- Sandıklı Location within Turkey Sandıklı Location within Turkey Aegean
- Coordinates: 38°27′56″N 30°16′12″E﻿ / ﻿38.46556°N 30.27000°E
- Country: Turkey
- Province: Afyonkarahisar
- District: Sandıklı

Government
- • Mayor: Adnan Öztaş (AKP)
- Population (2024): 54,851
- Time zone: UTC+3 (TRT)
- Climate: Csb
- Website: sandikli.bel.tr

= Sandıklı =

Town and district in Afyonkarahisar, Turkey

Sandıklı is a town of Afyonkarahisar Province in the Aegean region of Turkey. It is the seat of Sandıklı District. Its population is 54,851 (2024). Adnan Öztaş was elected from the AK Party in the 2024 Turkish Local Elections.

Sandıklı is famed for its marble quarries, its dairy cream kaymak, and its Turkish delight.

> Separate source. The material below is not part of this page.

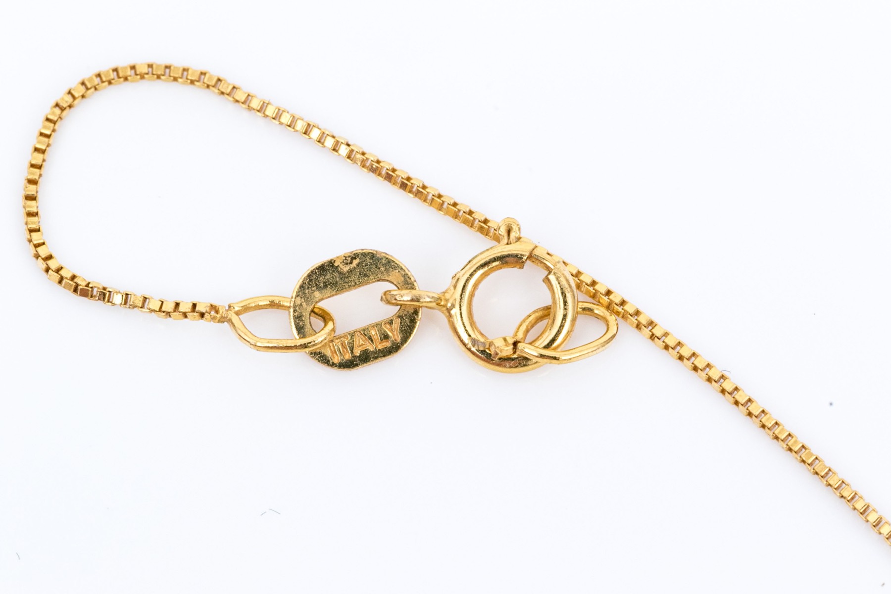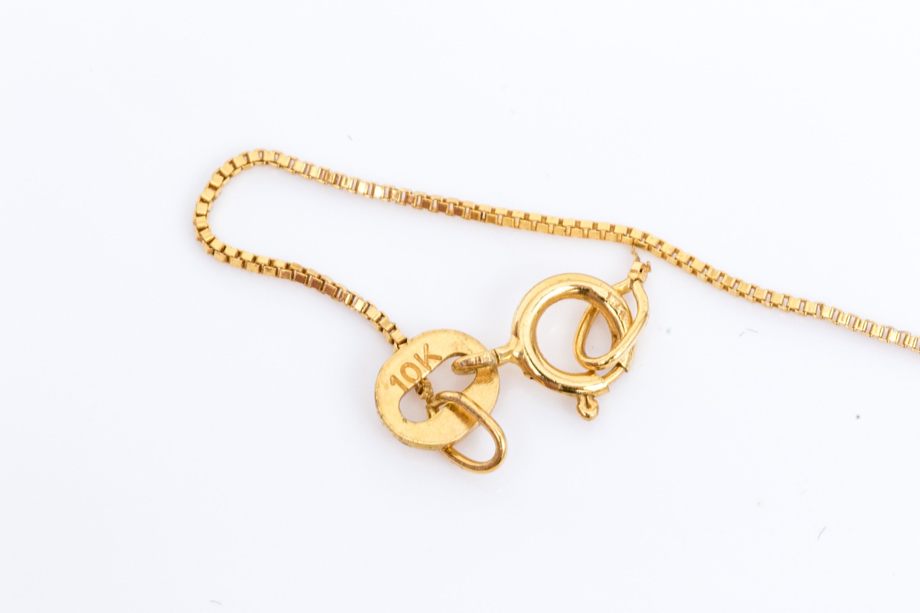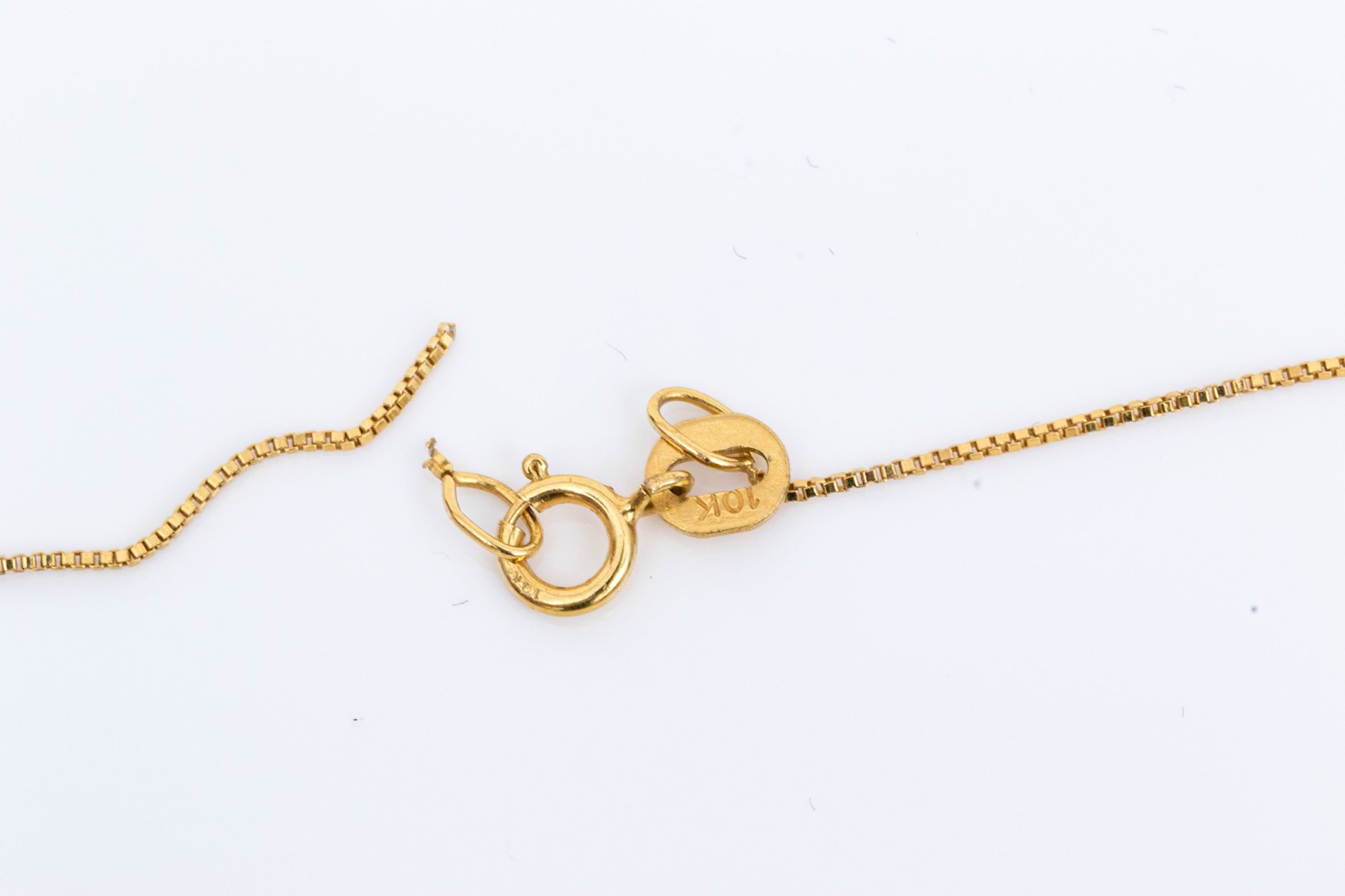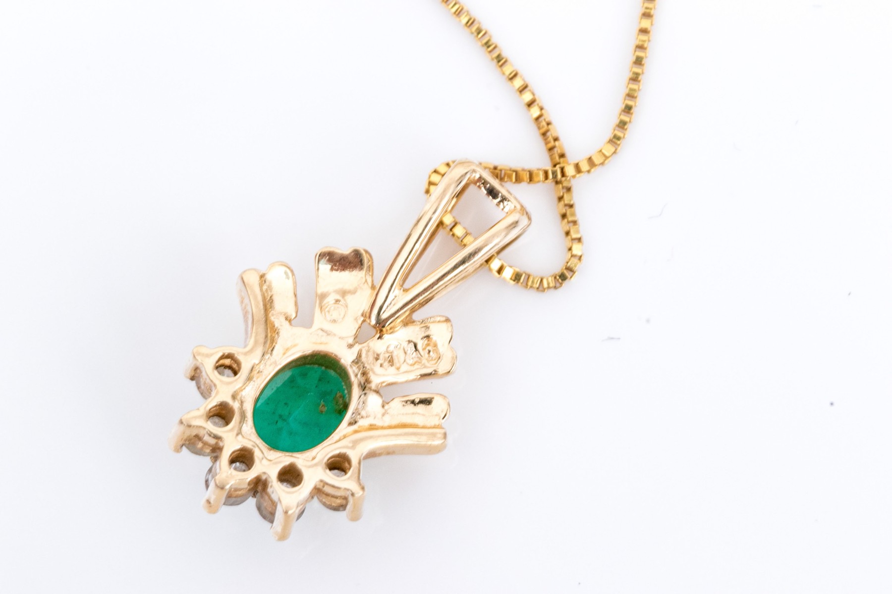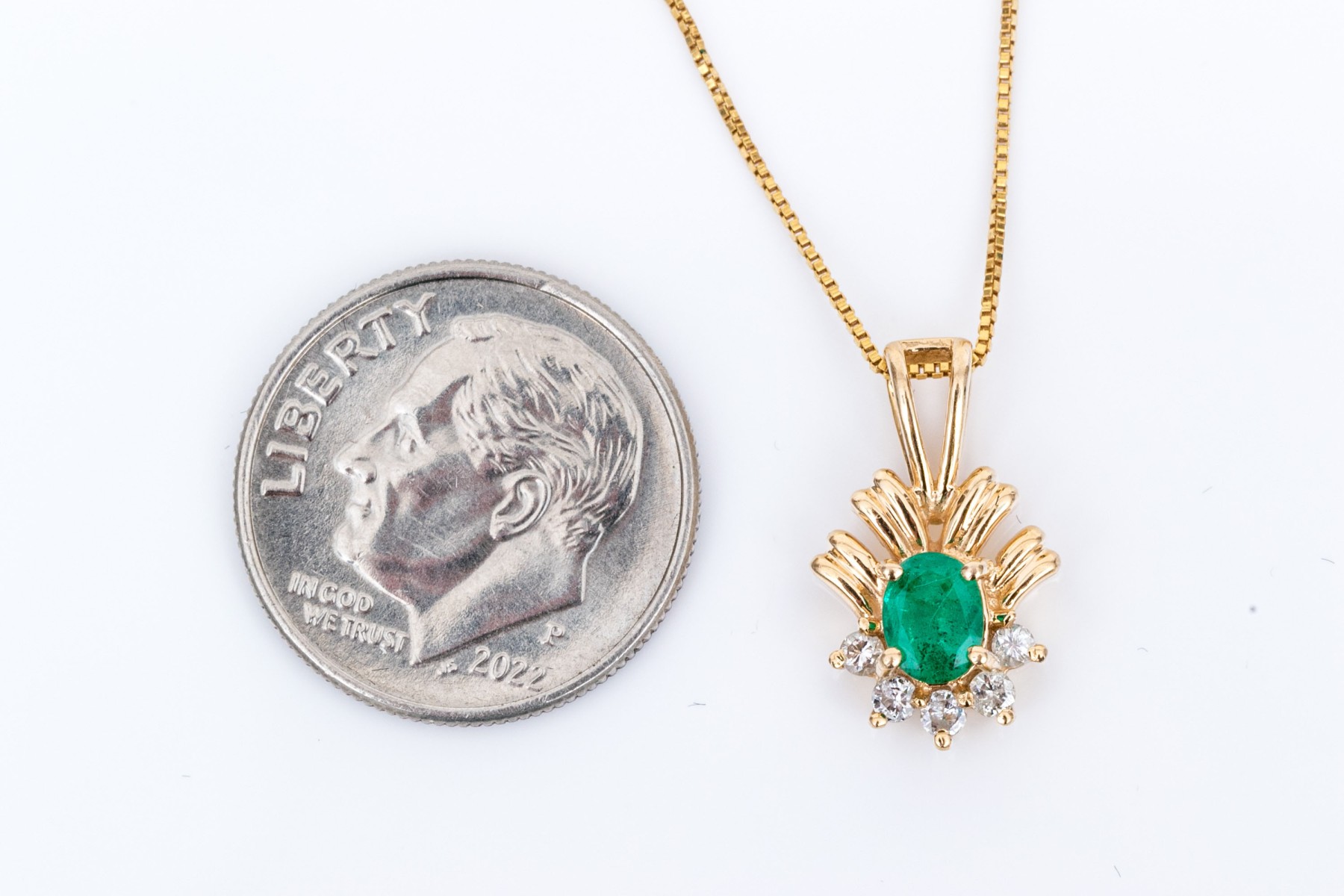 10k yellow gold pretty emerald, 0.27 CTS, and diamond pendant, app. 0.04 TCW, prong set, finished with a box link style chain, broken

People also come from all over Turkey to bathe in the hot springs and natural mud baths in the district.

==History==
From 1867 until 1922, Sandıklı was part of the Hüdavendigâr vilayet of the Ottoman Empire.

==Notable natives==
- Nuri Bilgin Professor of psychology at Ege University in İzmir. Father of writer Elif Şafak.
- Ahmet Inam writer and philosopher, at Middle East Technical University in Ankara.